Computer Engineering and Applications ›› 2018, Vol. 54 ›› Issue (17): 30-34.DOI: 10.3778/j.issn.1002-8331.1806-0117

Previous Articles     Next Articles

Domain specific Chinese word segmentation

CHENG Yusi1, SHI Yuntao2   

  1. 1.School of Civil Engineering, Southeast University, Nanjing 210096, China
    2.Nanjing Branch Network Department, China Mobile Communications Group, Nanjing 210019, China
  • Online:2018-09-01 Published:2018-08-30

面向专业领域的中文分词方法

成于思1,施云涛2   

  1. 1.东南大学 土木工程学院,南京 210096
    2.中国移动通信集团 南京分公司网络部,南京 210019

Abstract: The performance of statistical methods for Chinese word segmentation is limited owing to lack of the specific training corpus, and the dictionary-based methods are affected by unknown words and segmentation ambiguities. To realize domain adaptation, an approach combined statistical methods and a domain dictionary is developed. The approach firstly builds a high quality domain dictionary, and uses a statistical method to obtain preliminary results. Then, an algorithm for eliminating ambiguity is designed based on rules and Chinese character subsets with defined properties. Experimental results on a construction law domain corpus show that the precision, the recall and F-measure achieve 92.08%, 94.26% and 93.16%. The approach combined with new word detection can improve the performance of unknown words processing.

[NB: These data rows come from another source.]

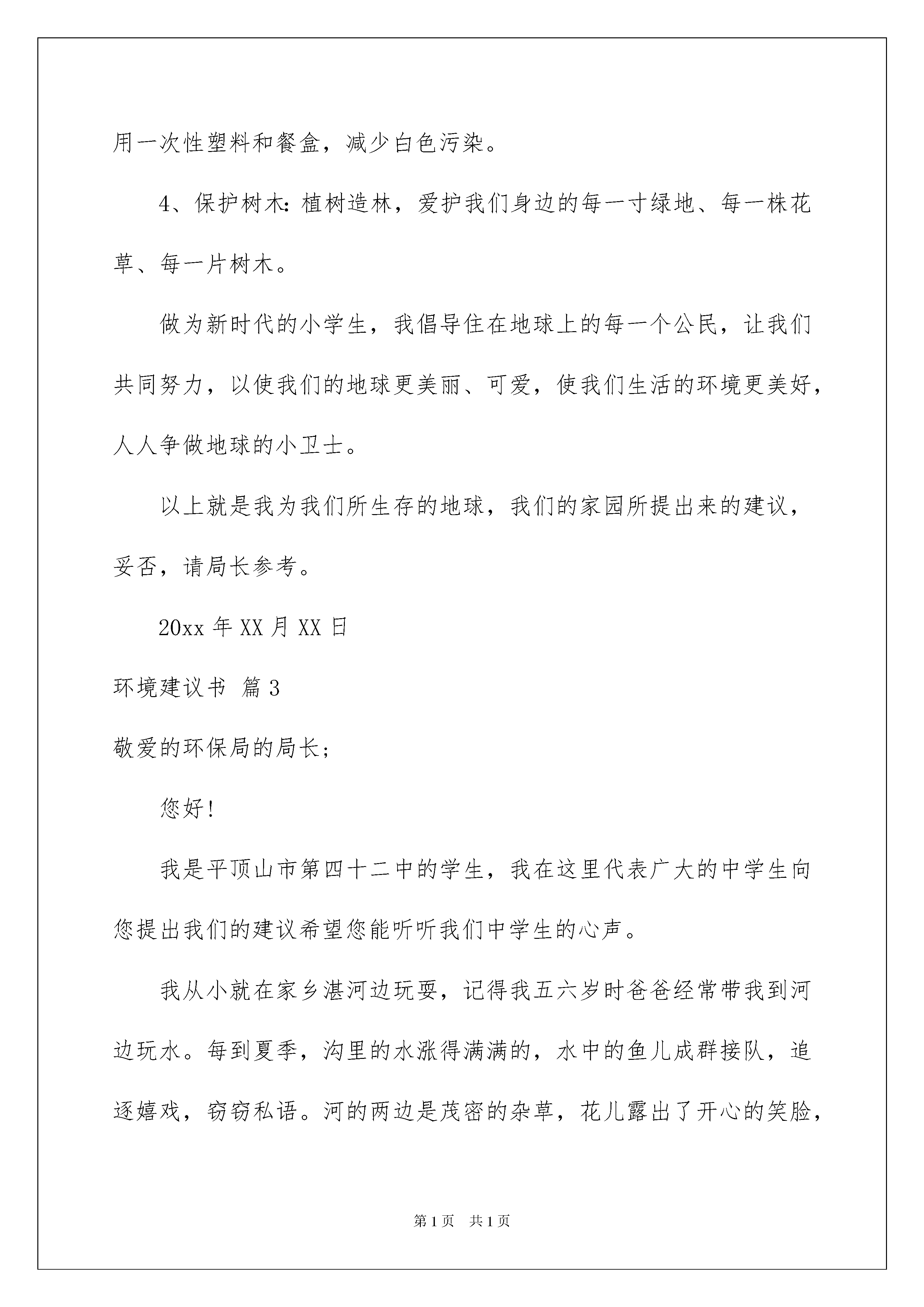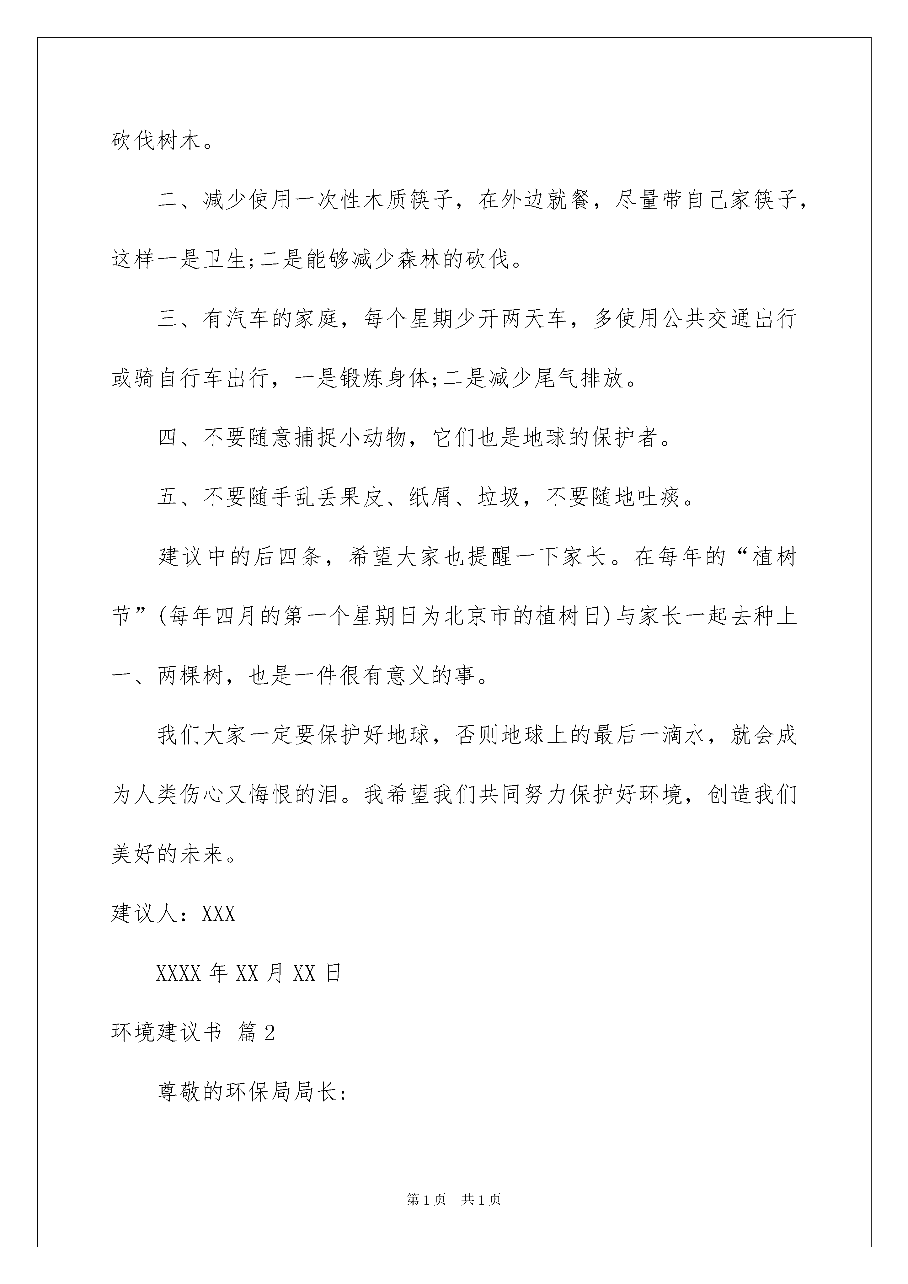 2022关于环境建议书集锦六篇关于环境建议书集锦六篇在日常生活和工作中,建议书对我们的作用越来越大,建议书是人们发表意见,提供建议的一种工具。写起建议书来就毫无头绪?下面是我帮大家整理的环境建议书6篇,欢迎阅读,希望大家能够喜欢。环境建议书篇1同学们:你们都知道,现在黄沙满天,植物稀少、大雾弥漫、全球气候变暖,二氧化碳到处都是,臭氧层逐渐稀薄,身边环境越来越糟,原因何在?我给大家举例说明:原来下雪,那雪都能吃,现在呢?谁还敢吃啊!脏脏的。还有,我家的楼下,本来前几年绿化的很好,绿植繁多,夏天舒适凉爽。近两年,由于没人管理,草地变成了光秃秃的遛狗场和水泥地,一些人还在绿地里种上了葫芦、豆角、丝瓜等等,夏天还可以,秋天以后那绿地就没法看了。为了更好地保护我们的环境,我提出以下建议:一、多种绿色植被,依法按照科学的规律,更新树木,不许随意砍伐树木。二、减少使用一次性木质筷子,在外边就餐,尽量带自己家筷子,这样一是卫生;二是能够减少森林的砍伐。三、有汽车的家庭,每个星期少开两天车,多使用公共交通出行或骑自行车出行,一是锻炼身体;二是减少尾气排放。四、不要随意捕捉小动物,它们也是地球的保护者。五、不要随手乱丢果皮、纸屑、垃圾,不要随地吐痰。建议中的后四条,希望大家也提醒一下家长。在每年的“植树节”(每年四月的第一个星期日为北京市的植树日)与家长一起去种上一、两棵树,也是一件很有意义的事。我们大家一定要保护好地球,否则地球上的最后一滴水,就会成为人类伤心又悔恨的泪。我希望我们共同努力保护好环境,创造我们美好的未来。建议人:XXXXXXX年XX月XX日环境建议书篇2尊敬的环保局局长:您好!地球妈妈用甘甜的乳汁哺育了无数代炎黄子孙。原来的她经无数仁人志士的努力,祖国河山到处锦绣繁荣。可是,现在人类为了自身的利益,将她折磨得随处可见千疮百孔。人类只有一个地球;而地球正面临着严峻的环境危机。“救救地球”已成为世界各国人民最强烈的呼声。我通过在书刊、报纸、互联网大量收集、整理资料证明:环境问题是因为人类不合理地开发和利用自然资源所造成的。一个个铁一样的事实告诉我们:环境污染像恶魔般无情地吞噬着人类的生命。它威胁着生态平衡,危害着人体健康,制约着经济和社会的可持续发展,它让人类陷入了困境。为此,为了我们要时刻不忘保护环境的意识,有依法治理环境,保护环境的意识,特提出如下建议:1、节约资源:节水为荣,随时关上水龙头,千万不能浪费我们的水资源。2、分类回收:不乱丢弃废电池、废塑料等垃圾、废物。3、重复使用:尽量少使用一次性用品,多使用耐用品。如不使用一次性塑料和餐盒,减少白色污染。4、保护树木:植树造林,爱护我们身边的每一寸绿地、每一株花草、每一片树木。做为新时代的小学生,我倡导住在地球上的每一个公民,让我们共同努力,以使我们的地球更美丽、可爱,使我们生活的环境更美好,人人争做地球的小卫士。以上就是我为我们所生存的地球,我们的家园所提出来的建议,妥否,请局长参考。20xx年XX月XX日环境建议书篇3敬爱的环保局的局长;您好!我是平顶山市第四十二中的学生,我在这里代表广大的中学生向您提出我们的建议希望您能听听我们中学生的心声。我从小就在家乡湛河边玩耍,记得我五六岁时爸爸经常带我到河边玩水。每到夏季,沟里的水涨得满满的,水中的鱼儿成群接队,追逐嬉戏,窃窃私语。河的两边是茂密的杂草,花儿露出了开心的笑脸,小草随着风婀娜着身子,鸭子喜欢在草丛中穿来穿去,仿佛在捉迷藏,每天一早,当杂草上闪烁着露珠,鸭子就歌唱起来了。清澈的沟水哗哗地向东流去,似乎也在欢乐地合唱着,每天下午,这里简直成了我们小朋友的乐园。现在,在不知不觉中,沟水变的又脏又臭,连一条小鱼也少了许多,各色的塑料袋,树叶禾杆,饮料罐……原来,近几年,城市的废水没有经过处理就直接排进这条水沟,人们也随便往沟里倒垃圾,丢砖头……现在,湛河两边虽然经过了治理,但鸟儿却不再在这里搭巢,鸭子不在这里歌唱,柳树也失去了昔日的生机。如今,愚昧无知的人类却无止镜地把工厂的废气、废液和烟尘大量地排放到地球妈妈的皮肤上、血液里,排放到地球妈妈哺养人类的乳汁中,那一团团废气、烟尘,那一股股废液、污水,像群群癌细胞张牙舞爪地向地球扑来,侵袭着地球的身体健康,甚至还把保护地球妈妈和我们的臭氧层面纱撕了两个打洞,使紫外线无情地灼伤了地球妈妈的皮肤,严重危害着我们的'生存。你看,我们常把天空比喻是蔚蓝的海洋、白云比喻是洁白的棉花,草地比喻成绿色的地毯,而实际却一切都变成灰色的,这些环境的变化,令我伤心,让我落泪。于是我提出如下建议:1、提醒周围的人们买菜时不用塑料方便袋,以减少白
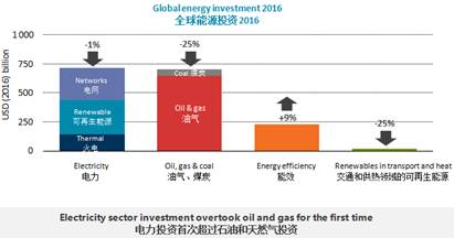 2016的全球能源投資為1.7萬億美元,占全球國內生產總值(GDP)的2.2%。其中,電力部門投資首次超過石油、天然氣和煤炭的投資總和,而清潔能源的投資占總投資的43%,創歷史新高。
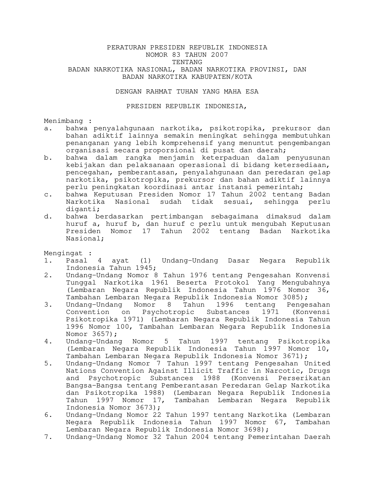 PERPRES Nomor 83 Tahun 2007 | Peraturan Presiden Nomor 83 Tahun 2007 tentang BADAN NARKOTIKA NASIONAL, BADAN NARKOTIKA PROVINSI, DAN BADAN NARKOTIKA KABUPATEN/KOTA
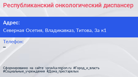 Республиканский онкологический диспансер по адресу Северная Осетия, Владикавказ, Титова, 3а к1 в дальнейшем Организация, размещена в следующих категориях:
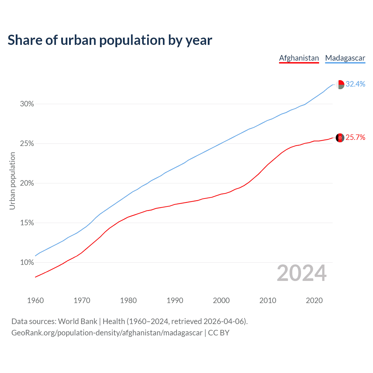 From 2004 to 2024, the share of urban population changed from 19.4% to 25.7% in Afghanistan and from 26.2% to 32.4% in Madagascar.
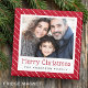 Merry Christmas photo fridge magnet featuring a pattern of cute dotted stripes (white dots on a red or custom colour background), and your custom photo and text. Turn into a fun Christmas gift to for example grandparents by changing the text to "we love you grandma/grandpa".
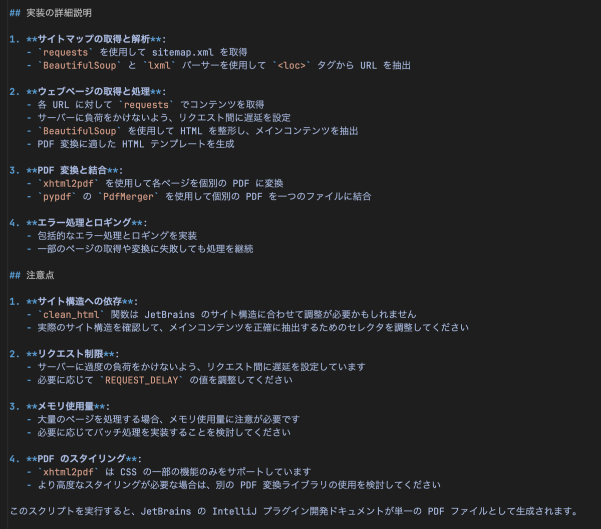 実装コードについては、「サーバに負荷をかけないようリクエスト間に遅延を設定」「エラー処理とロギング」なども含まれ、AI Assistant に比べるとやや実務寄りの実装のように感じました。
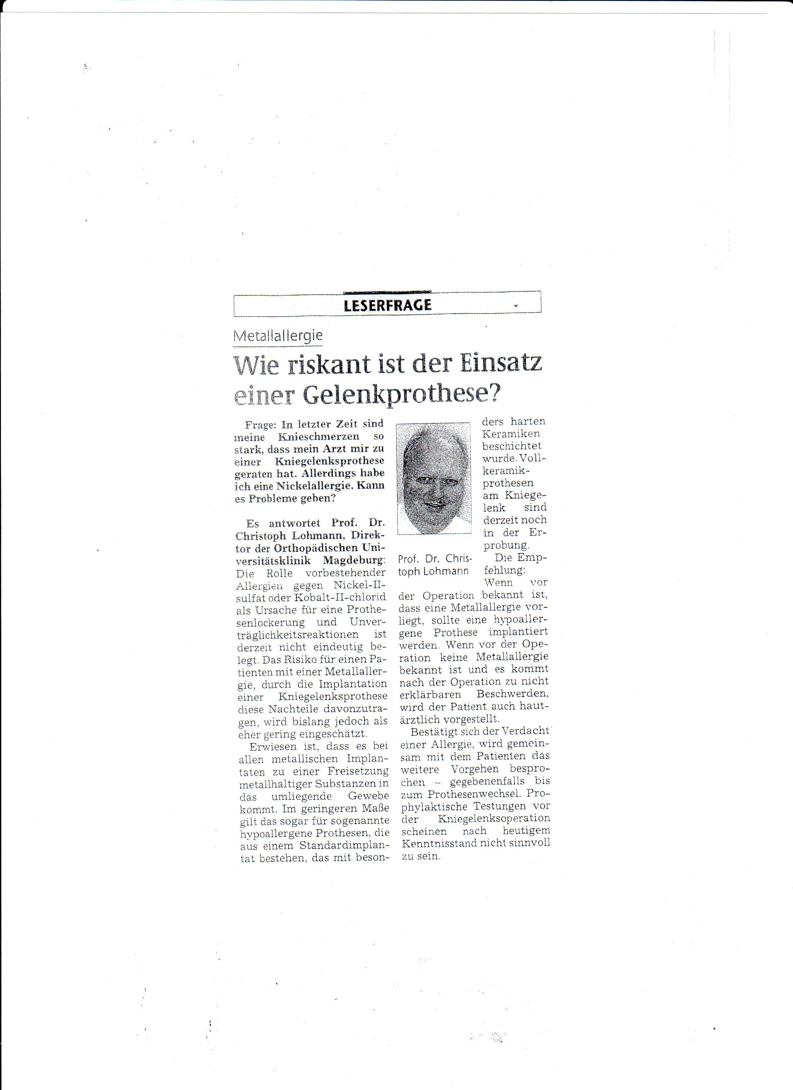 10.11.2010 "Wie riskant ist der Einsatz einer Gelenkprothese" Magdeburger Volksstimme

Key words: Chinese word segmentation, domain specific, ambiguity resolution, domain dictionary, construction law

摘要: 在专业领域分词任务中,基于统计的分词方法的性能受限于缺少专业领域的标注语料,而基于词典的分词方法在处理新词和歧义词方面还有待提高。针对专业领域分词的特殊性,提出统计与词典相结合的分词方法,完善领域词典构建流程,设计基于规则和字表的二次分词歧义消解方法。在工程法领域语料上进行分词实验。实验结果表明,在工程法领域的分词结果准确率为92.08%,召回率为94.26%,F值为93.16%。该方法还可与新词发现等方法结合,改善未登录词的处理效果。

关键词: 中文分词, 专业领域, 歧义消解, 领域词典, 工程法